Analisis UU No. 18 Tahun 2004 tentang Perkebunan: Konteks Historis & Informasi Tambahan
Berikut analisis mendalam sebagai dasar pemahaman atas UU No. 18/2004 beserta konteks yang perlu diketahui:
1. Latar Belakang Politik-Ekonomi
- Era Reformasi & Desentralisasi: UU ini lahir pasca-reformasi (1998), di mana terjadi pergeseran paradigma dari sentralisasi Orde Baru ke otonomi daerah (UU No. 22/1999 tentang Pemerintahan Daerah). Hal ini tercermin dalam pembagian kewenangan pengawasan perkebunan antara pemerintah pusat, provinsi, dan kabupaten/kota.
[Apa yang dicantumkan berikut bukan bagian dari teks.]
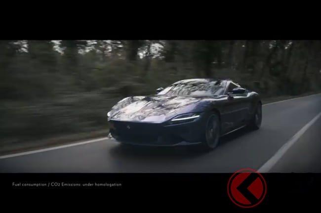 2019年11月にフェラーリが発表した、V型8気筒ターボエンジンをフロントに搭載した「ローマ」の姿が、フェラーリの公式SNSでさらに明らかになりました。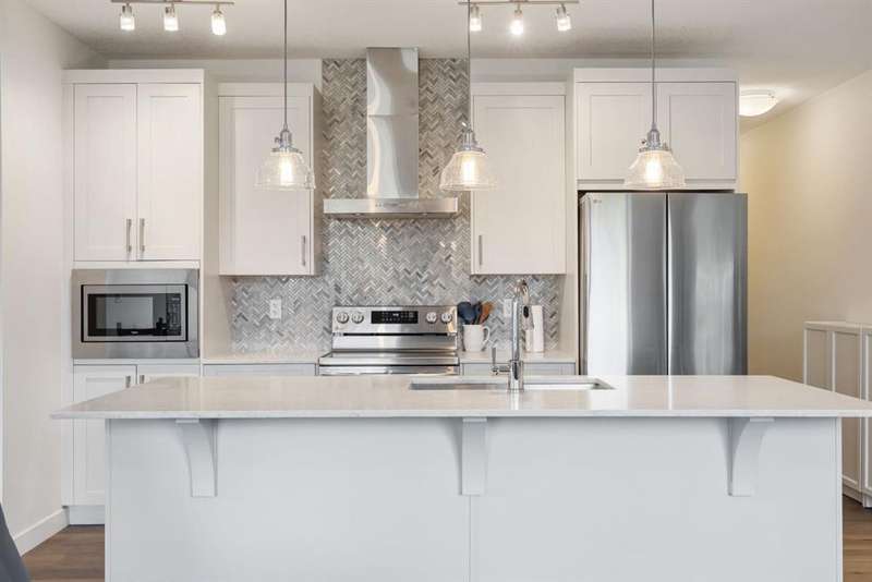 Welcome to Unit 117! This incredible gated, walk-up unit is arguably the nicest in the building. Upon entering, you are greeted by a bright, spacious open floor plan featuring a chef’s upgraded kitchen, complete with a built-in microwave, gorgeous centre island, and ample cabinetry for exceptional storage. The unit also includes a custom wall pantry and a cleaning/laundry closet, providing even more function and convenience to your space. Off the living room, you’ll find a sizeable primary bedroom with a deep two-sided closet and a spa-inspired 4-piece ensuite with linen cupboard. Completing this unit is a second bedroom and a 4-piece main bathroom. Additional highlights include central A/C for year-round comfort, a titled underground parking stall with storage right in front, and a private walk-up patio overlooking a beautiful green space with plenty of visitor parking right outside the gate. Located just steps from shops, grocery stores, coffee shops, and public transit, this unit offers the perfect blend of luxury and convenience in pet-friendly Walden Place. Don’t miss your chance to call this stunning unit home — schedule a private tour today!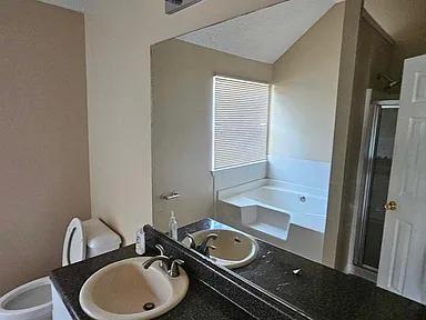 The first bedroom has a share bathroom with one male renter. The second bedroom is a large master with its own bath and separate shower, the bedroom has two walk-in closets. The house has a large Kitchen, Family room and a living room which is shared by all that rent. The house was build in 2001, with a two car garage. There is street parking and parking in the drive way. There is a back patio with trees that lining the back of the yard for privacy. The house is kept very clean and neat. Washer and dryer is included. Lastly there is a half bath on the ground level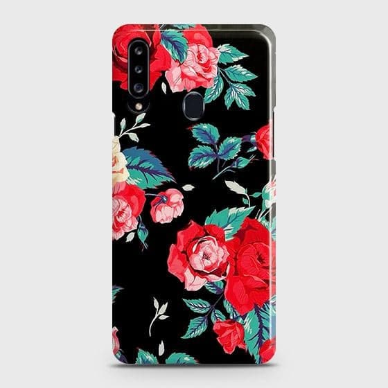 Samsung Galaxy A20s Cover - Luxury Vintage Red Flowers Printed Hard Case with Life Time Colors Guarantee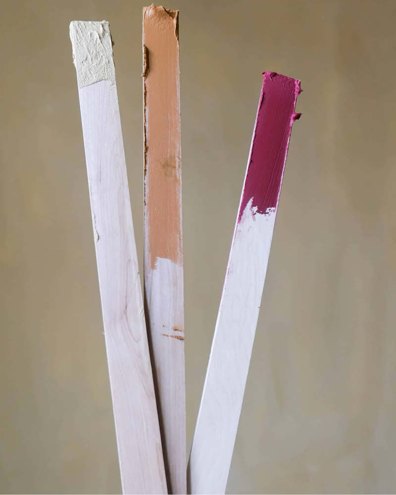 fargede sparkelen KC14 i fargene Mustard, Warm Terracotta og Burgundy, og synes strukturen til produktet gir et totalt nytt uttrykk i forhold til malte overflater.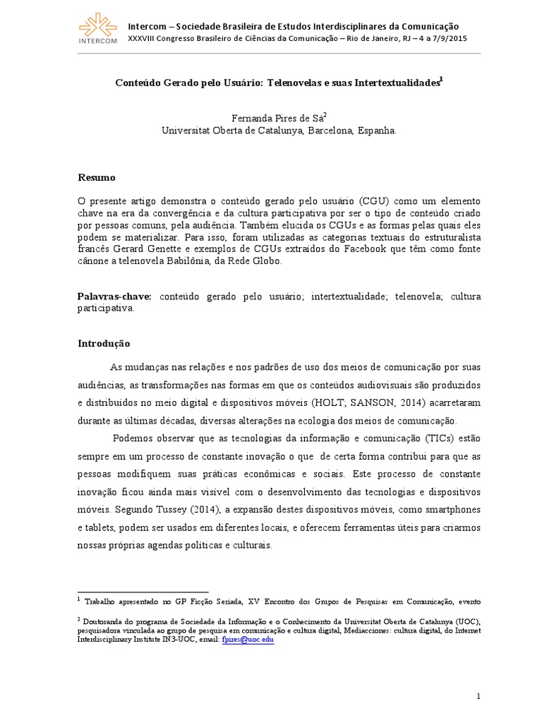Palavras-chave: contedo gerado pelo usurio; intertextualidade; telenovela; cultura

- Revisi UU Kolonial: UU ini menggantikan UU No. 5 Tahun 1967 tentang Ketentuan-Ketentuan Pokok Kehutanan dan Perkebunan yang berorientasi pada eksploitasi sumber daya untuk investasi asing. UU 1967 dinilai tidak lagi sesuai dengan prinsip keberlanjutan dan keadilan agraria pasca-reformasi.
2. Isu Krusial yang Melatarbelakangi
- Konflik Lahan: Maraknya sengketa tanah antara masyarakat adat, petani kecil, dan perusahaan perkebunan skala besar (terutama sawit dan karet) mendorong perlunya pengaturan ulang hak dan kewajiban pemegang Hak Guna Usaha (HGU).
- Tekanan Global: Kritik internasional terhadap deforestasi dan praktik land grabbing di sektor perkebunan Indonesia memaksa pemerintah memperkuat aspek lingkungan dan tata kelola dalam UU ini.
3. Poin Inovatif dalam UU No. 18/2004
- Keseimbangan Ekonomi-Lingkungan: Memasukkan prinsip keberlanjutan ekologis (Pasal 2) sebagai asas penyelenggaraan perkebunan, yang sebelumnya absen dalam UU 1967.
- Pemberdayaan Petani: Pengakuan terhadap perkebunan rakyat (Pasal 46-47) sebagai bagian integral sistem perkebunan nasional, termasuk skema kemitraan dengan perusahaan besar.
- Sanksi Administratif & Pidana: Pengaturan sanksi tegas bagi pelanggaran izin usaha (Pasal 47-50), seperti pencabutan HGU dan denda hingga 10 miliar rupiah.
4. Uji Materiil MK (Putusan No. 55/PUU-VIII/2010)
Mahkamah Konstitusi (MK) menguji Pasal 21 dan 47 terkait penguasaan lahan oleh perusahaan. MK menegaskan:
- Hak Masyarakat Adat: Penggunaan tanah untuk perkebunan harus memperhatikan hak ulayat dan kepemilikan tradisional.
- Batasan Luas Lahan: MK menolak permohonan judicial review, sehingga ketentuan luas maksimal HGU (20.000 ha untuk perusahaan) tetap berlaku.
5. Tantangan Implementasi
- Tumpang Tindih Regulasi: Koordinasi lemah antara UU ini dengan UU Kehutanan (No. 41/1999) menyebabkan konflik kewenangan pengelolaan kawasan hutan untuk perkebunan.
- Lemahnya Pengawasan: Minimnya kapasitas SDM pemerintah daerah dalam mengawasi praktik illegal planting dan pelanggaran HGU.
6. Regulasi Turunan & Perkembangan Terkini
- UU ini dijabarkan dalam PP No. 18/2010 tentang Usaha Budidaya dan Pengolahan Hasil Perkebunan serta PP No. 24/2015 tentang Penanaman Modal di Bidang Usaha Perkebunan.
- Pada 2020, UU No. 11/2020 tentang Cipta Kerja merevisi beberapa ketentuan UU Perkebunan, terutama terkait penyederhanaan perizinan dan insentif investasi.
Catatan Penting
- Status "Tidak Berlaku": UU No. 18/2004 secara resmi dicabut dan digantikan oleh UU No. 39 Tahun 2014 tentang Perkebunan yang lebih menekankan pada perlindungan petani kecil dan penegakan sertifikasi berkelanjutan (ISPO).
- Dampak Global: UU ini menjadi dasar hukum Indonesia dalam merespons tekanan Uni Eropa terkait Deforestation-Free Regulation (EUDR) untuk ekspor komoditas perkebunan.
Kesimpulan: UU No. 18/2004 mencerminkan upaya transparansi dan reformasi tata kelola perkebunan pasca-Orde Baru, meski masih menyisakan tantangan implementasi, terutama dalam harmonisasi hak masyarakat dan investasi.